## Your task
First find the line with "To select the" in the entries below, then set down exactly every line through the line with "2月10日,在童壽記木版年畫工作室,童敏在印制年畫。", that line included.

(Materials provided)

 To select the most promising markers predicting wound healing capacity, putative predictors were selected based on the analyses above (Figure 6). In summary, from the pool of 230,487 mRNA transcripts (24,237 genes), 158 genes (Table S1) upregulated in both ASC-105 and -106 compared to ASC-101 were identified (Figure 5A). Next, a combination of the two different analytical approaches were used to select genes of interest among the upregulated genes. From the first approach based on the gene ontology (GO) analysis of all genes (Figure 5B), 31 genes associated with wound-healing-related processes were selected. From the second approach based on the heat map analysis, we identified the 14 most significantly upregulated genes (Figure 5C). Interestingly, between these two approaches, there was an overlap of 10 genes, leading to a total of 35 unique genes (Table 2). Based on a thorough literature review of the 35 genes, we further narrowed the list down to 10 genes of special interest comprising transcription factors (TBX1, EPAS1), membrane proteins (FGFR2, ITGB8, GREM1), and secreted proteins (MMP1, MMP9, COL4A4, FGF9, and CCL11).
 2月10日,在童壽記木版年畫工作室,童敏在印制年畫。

(End Materials provided)
(Materials provided)

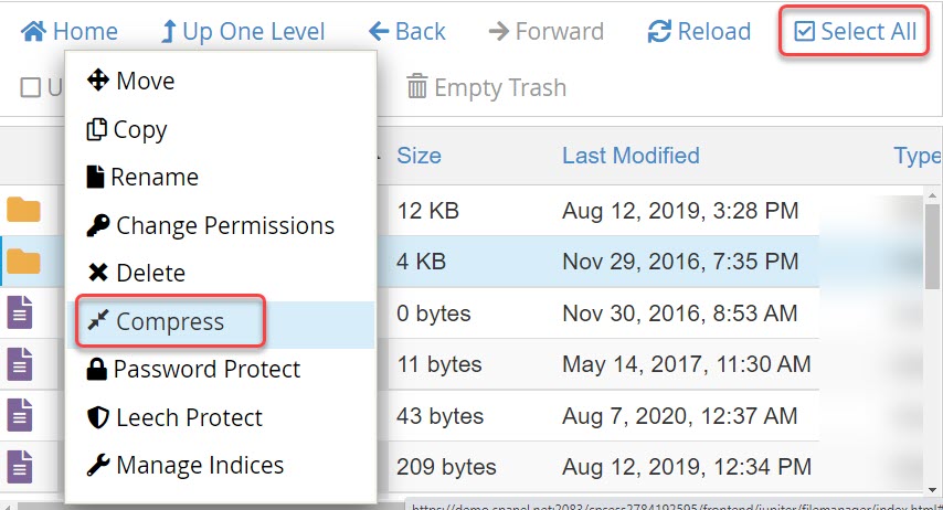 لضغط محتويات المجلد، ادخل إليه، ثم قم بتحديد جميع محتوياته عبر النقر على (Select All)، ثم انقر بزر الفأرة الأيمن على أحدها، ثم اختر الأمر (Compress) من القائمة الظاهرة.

(End Materials provided)
(Materials provided)

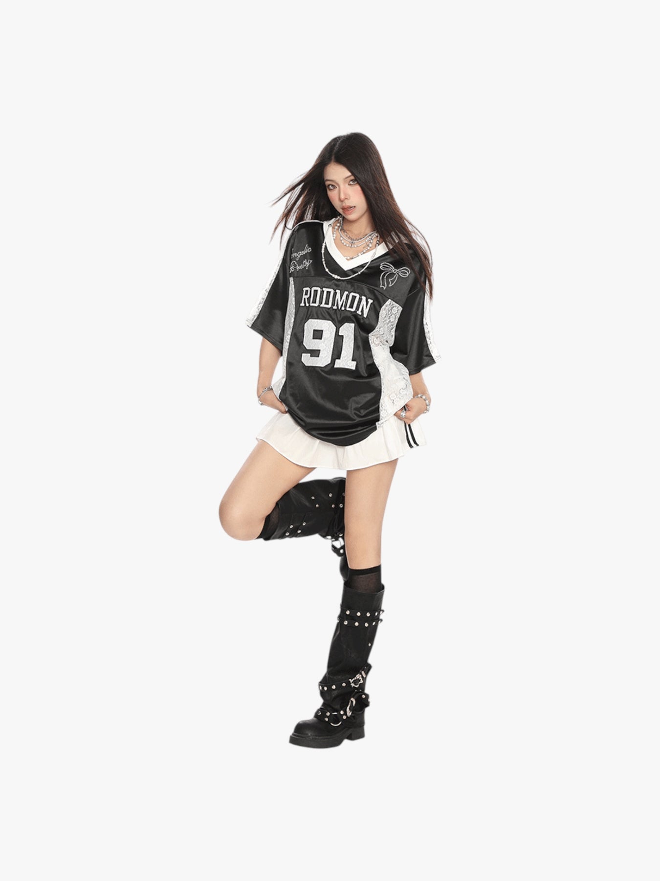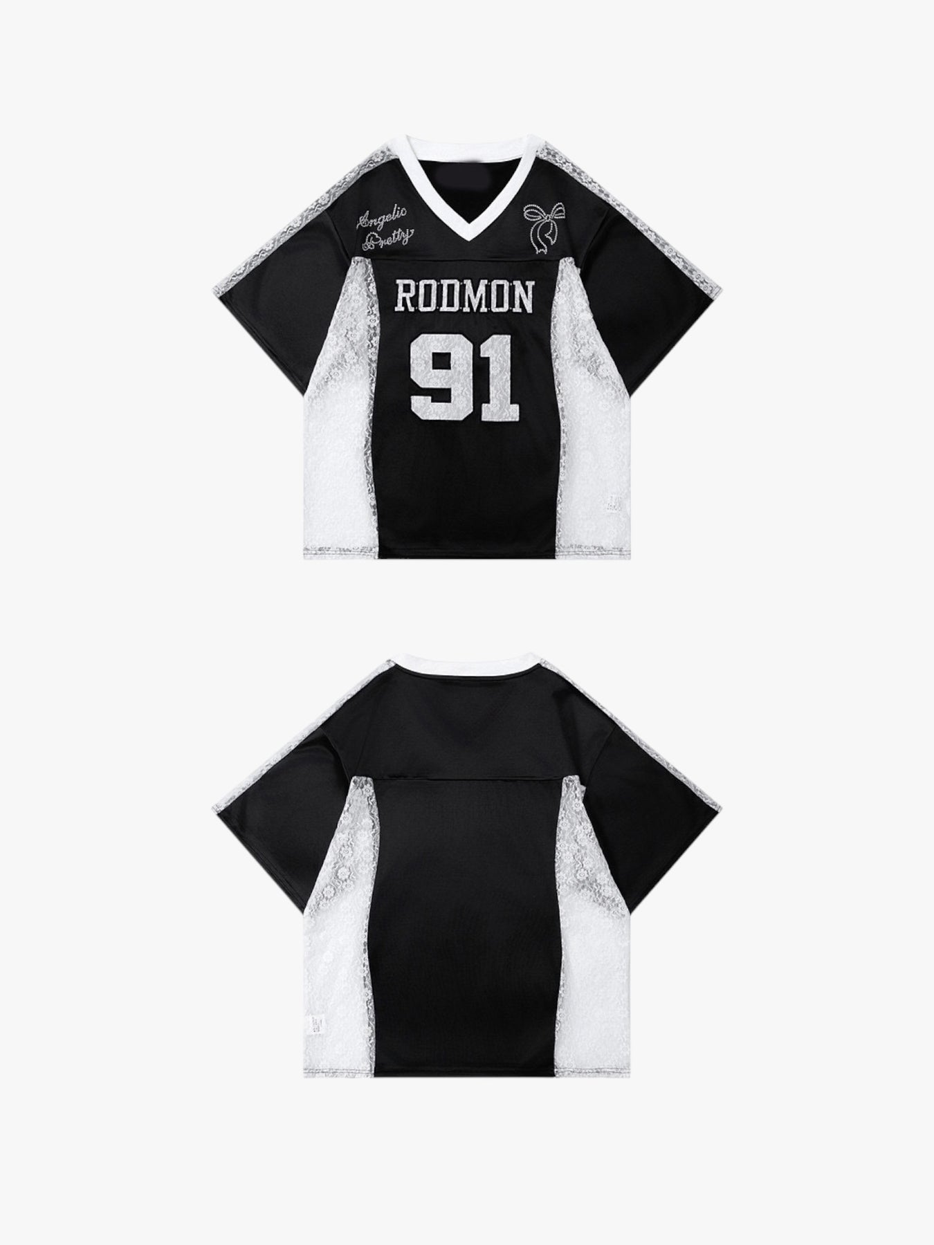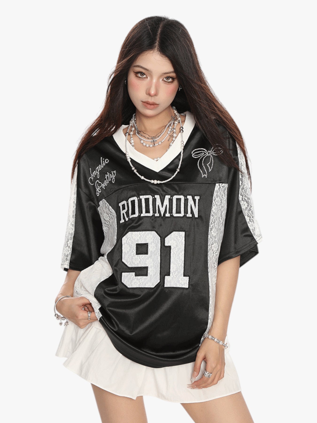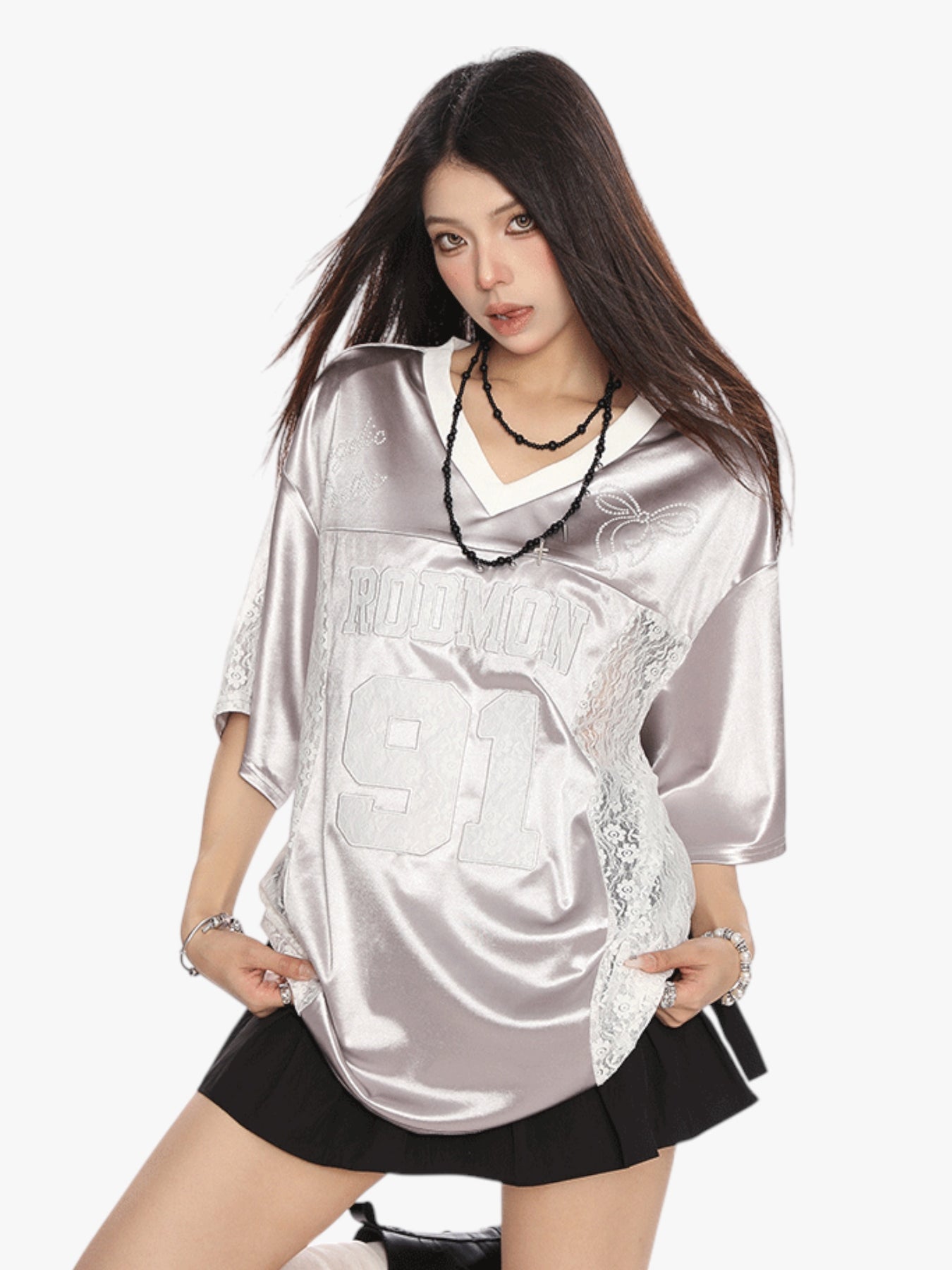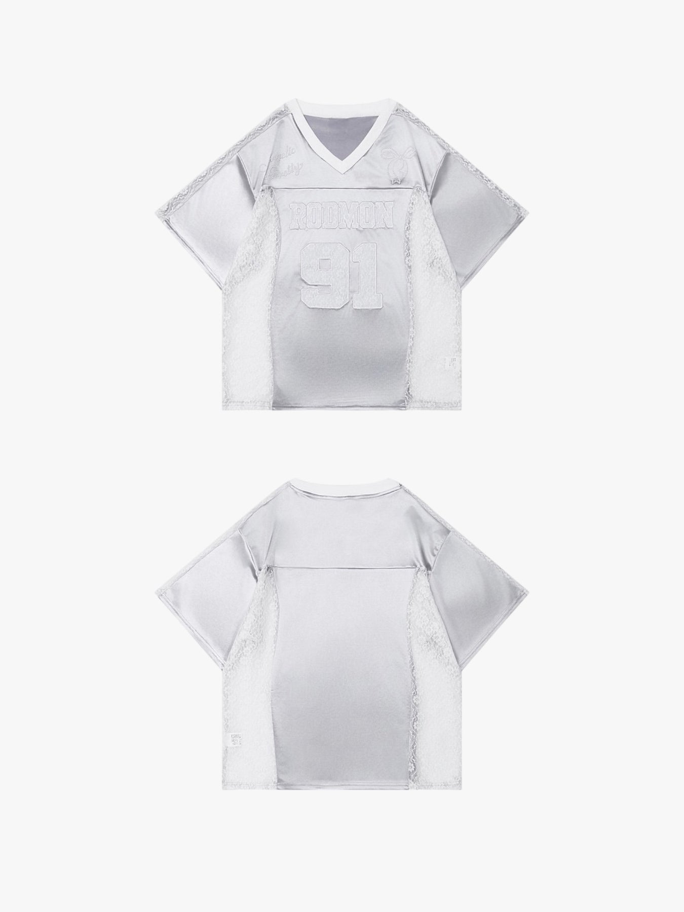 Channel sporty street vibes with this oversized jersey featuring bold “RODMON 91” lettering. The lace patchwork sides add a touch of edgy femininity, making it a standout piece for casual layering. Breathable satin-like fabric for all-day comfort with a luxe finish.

(End Materials provided)

## Final answer
 To select the most promising markers predicting wound healing capacity, putative predictors were selected based on the analyses above (Figure 6). In summary, from the pool of 230,487 mRNA transcripts (24,237 genes), 158 genes (Table S1) upregulated in both ASC-105 and -106 compared to ASC-101 were identified (Figure 5A). Next, a combination of the two different analytical approaches were used to select genes of interest among the upregulated genes. From the first approach based on the gene ontology (GO) analysis of all genes (Figure 5B), 31 genes associated with wound-healing-related processes were selected. From the second approach based on the heat map analysis, we identified the 14 most significantly upregulated genes (Figure 5C). Interestingly, between these two approaches, there was an overlap of 10 genes, leading to a total of 35 unique genes (Table 2). Based on a thorough literature review of the 35 genes, we further narrowed the list down to 10 genes of special interest comprising transcription factors (TBX1, EPAS1), membrane proteins (FGFR2, ITGB8, GREM1), and secreted proteins (MMP1, MMP9, COL4A4, FGF9, and CCL11).
 2月10日,在童壽記木版年畫工作室,童敏在印制年畫。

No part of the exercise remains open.